The counterargument is that interest rates are so low that borrowing nearly is free, and will mean a better economy for our children in the future if we invest now. Interest rates may be low, but they are not zero, and the budget saw them rise slightly. Every £1 billion borrowed still costs £25 million a year in interest payments. And more to the point, just because people are willing to lend us money doesn’t mean that it is a good idea to take them up on it. An addict has no shortage of people willing to give him his next hit.
It is true that a substantial boost in capital investment to support the economy, as well as fix Britain’s housing crisis, is a good thing. We are fully behind the coalition’s intentions. But doing so should have been in the context of a clear plan to get debt falling. And that should have included continuing to bear down on other spending to pay for it. The fact is that we are not borrowing more because we had to to invest. We are borrowing more because we have lost our nerve. We should rediscover it before it is too late.
Offshore funds launch legal action against “Soviet-worthy” tax grab
Offshore fund holders have launched a number of legal bids after a little-reported Budget measure looks to cause “unprecedented” harm to them and to the UK’s reputation as a good place to do business, according to the group’s legal team.
The measure was announced by the Chancellor in the Budget and is expected to raise many billions of pounds a year. It received little attention at the time, but since scrutinising the detail of the extra tax they will need to pay by the end of the year a number of organisations have banded together to take action.
The measure would make commercial property owned by non-residents liable to capital gains tax, meaning – like UK taxpayers – they would need to pay 32% of any gains made on the property when they sell it to the Treasury. Previously, non-residents who owned UK property did not have to pay, which encouraged them to own commercial property – including pension funds.

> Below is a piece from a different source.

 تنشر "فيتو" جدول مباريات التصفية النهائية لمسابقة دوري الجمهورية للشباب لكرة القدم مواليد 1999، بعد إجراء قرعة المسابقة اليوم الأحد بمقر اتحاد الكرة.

The change means that all gains that investors have already made on the property will be taxed when it is sold. Similar changes in the past have only applied to gains made after the change was announced, but that would have raised substantially less money.

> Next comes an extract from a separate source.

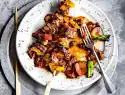 Heat 2 tablespoons of oil in a frying pan. Sauté the mushrooms in it. Season with salt and remove. Heat 1 tablespoon of oil in the frying fat. Sauté carrot, pak choi and garlic in it. Add sprouts. Deglaze with hoisin and 1 tbsp. soy sauce.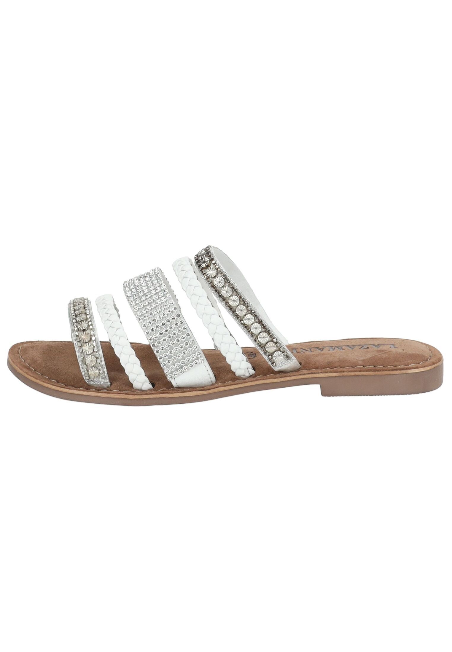Die unterschiedlich breiten Riemen aus hochwertigem Leder sind mit funkelndem Strass-Dekor verziert, was deinem Look einen individuellen, edlen Touch verleiht. Schnell hineingeschlüpft, lassen sich diese Schuhe im Handumdrehen zu deinem neuen Lieblingsstück machen – egal ob beim Spaziergang am Strand, beim Stadtbummel oder bei deinem nächsten Outdoor-Event.

The group appears to be launching two legal battles: first, a judicial review of the policy itself; and second a claim that it is against the European Convention on Human Rights. The latter could end up in the European Court of Human Rights.
Richard Murphy, Director of Tax Justice UK, said that this was “classic shady offshore tax avoiders complaining when they’ve been caught.” However, tax professionals in the UK, such as the ICAEW said that the claimants “legitimately invested in the UK on an expectation that they would get a certain return, and the UK government has turned around and overnight cut that return by a third… whatever we think of the practice itself, and even though these people are not UK residents, it won’t only be the caricature of wealthy offshore tax avoiders who will be losing out if pension fund returns reduce substantially or even go bankrupt.”